EC業界にはびこる慢性的な人材不足。原因は評価方法の誤りか
国内、海外を問わずECの市場は拡大を続けるが、一方で慢性的な人材不足は続いている。多くの企業が、「優秀なエンジニアやデザイナーが足りない」と嘆き、その採用に頭を悩ませているのだ。
2017年3月17日に開催された「ECzine Day 2017 Spring」では、「適正な人材が採用できないのは、適正な評価がなされていないからではないか」と投げかける、株式会社フラクタ 代表取締役 河野貴伸氏、およびオイシックス株式会社 執行役員 奥谷孝司氏の両名が登壇。「ECの枠組みを超えた、デジタルチームの育成と評価のあるべき姿」と題し、ECzine編集長 倭田をモデレーターとして、それぞれの考え方について語った。
口火を切ったのは、今回のセッションを提案した河野氏。EC、およびIT業界が広く直面している人材不足の現状を明かした。

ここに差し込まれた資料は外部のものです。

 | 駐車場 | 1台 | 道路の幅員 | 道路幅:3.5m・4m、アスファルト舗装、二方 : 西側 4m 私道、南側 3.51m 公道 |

河野(フラクタ):当社はさまざまなEC企業様のお手伝いをしておりますが、とにかくみなさん「人材不足」に喘いでいます。これは実は、ただ採用が難しいという問題に留まりません。裏には、マネジメント層が現場スタッフを正当に評価できてない、満足度を高められていないという現状があります。業態はデジタルでも、動かしているのは人間。評価する側、される側は、実際どのような課題を抱えているのかについてお話しいたします。

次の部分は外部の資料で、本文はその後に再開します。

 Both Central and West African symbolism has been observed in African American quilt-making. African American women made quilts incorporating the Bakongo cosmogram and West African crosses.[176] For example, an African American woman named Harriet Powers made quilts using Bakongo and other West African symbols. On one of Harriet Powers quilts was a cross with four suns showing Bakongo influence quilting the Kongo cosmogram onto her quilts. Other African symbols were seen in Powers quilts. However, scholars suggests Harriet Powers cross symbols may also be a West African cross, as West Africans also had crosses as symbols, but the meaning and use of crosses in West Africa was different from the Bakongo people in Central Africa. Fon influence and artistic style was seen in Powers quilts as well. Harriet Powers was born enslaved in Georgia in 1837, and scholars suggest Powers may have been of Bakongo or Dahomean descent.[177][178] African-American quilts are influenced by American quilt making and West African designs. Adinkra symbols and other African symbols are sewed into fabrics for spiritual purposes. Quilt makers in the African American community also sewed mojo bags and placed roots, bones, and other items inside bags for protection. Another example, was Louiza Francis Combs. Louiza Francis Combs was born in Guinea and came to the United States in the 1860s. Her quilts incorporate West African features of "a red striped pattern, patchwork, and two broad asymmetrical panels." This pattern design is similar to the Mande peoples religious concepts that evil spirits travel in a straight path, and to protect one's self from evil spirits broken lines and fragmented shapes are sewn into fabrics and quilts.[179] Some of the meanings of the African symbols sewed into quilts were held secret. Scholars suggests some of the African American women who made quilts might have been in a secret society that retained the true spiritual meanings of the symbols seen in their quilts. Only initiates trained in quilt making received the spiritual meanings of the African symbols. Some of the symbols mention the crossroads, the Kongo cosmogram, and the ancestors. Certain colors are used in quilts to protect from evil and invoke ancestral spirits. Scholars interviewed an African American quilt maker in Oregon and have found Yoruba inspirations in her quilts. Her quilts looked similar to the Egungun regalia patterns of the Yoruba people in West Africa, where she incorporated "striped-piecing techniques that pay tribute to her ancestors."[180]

スーパーマンを求めすぎ。それぞれの業種への理解が進んでいない
すべての企業が優秀な人材を確保したいと考えている。しかしその多くが、採用がうまくいっていないと感じているのも事実だ。河野氏はこれに対し、採用側が多くを求めすぎているのではないかと指摘する。
河野:みなさん、エンジニアやデザイナーが不足しているとおっしゃるのですが、お話を伺うかぎり、根本的に求めている人物像を間違えているのでは、と感じます。具体的には、求めるレベルが高過ぎるのです。一般的な区分と、マネジメント層が求めている領域は非常に乖離しており、スーパーマンを求めすぎているように思います。
しかし日本人の性なのか、頑張ってしまう人がいる。心当たりがある方もいるでしょうが、1人や2人ですべて回してしまっている現場が結構あります。EC、デジタルの世界はこういったスーパーマンが基準にされてしまうことが多いのですが、それではチーム全体が疲弊するんですよね。
奥谷(オイシックス):おっしゃる通りで、デジタル業界は業種の細分化が日に日に進んでおり、それぞれのプロフェッショナルが分業する時代です。「UXデザイナーって実際何するの?」を正確に理解している人はあまり多くない。採用する側も面接で何を聞けばいいかわからないから、採用後に「思っていた人材と違う」といった事態が起こるのです。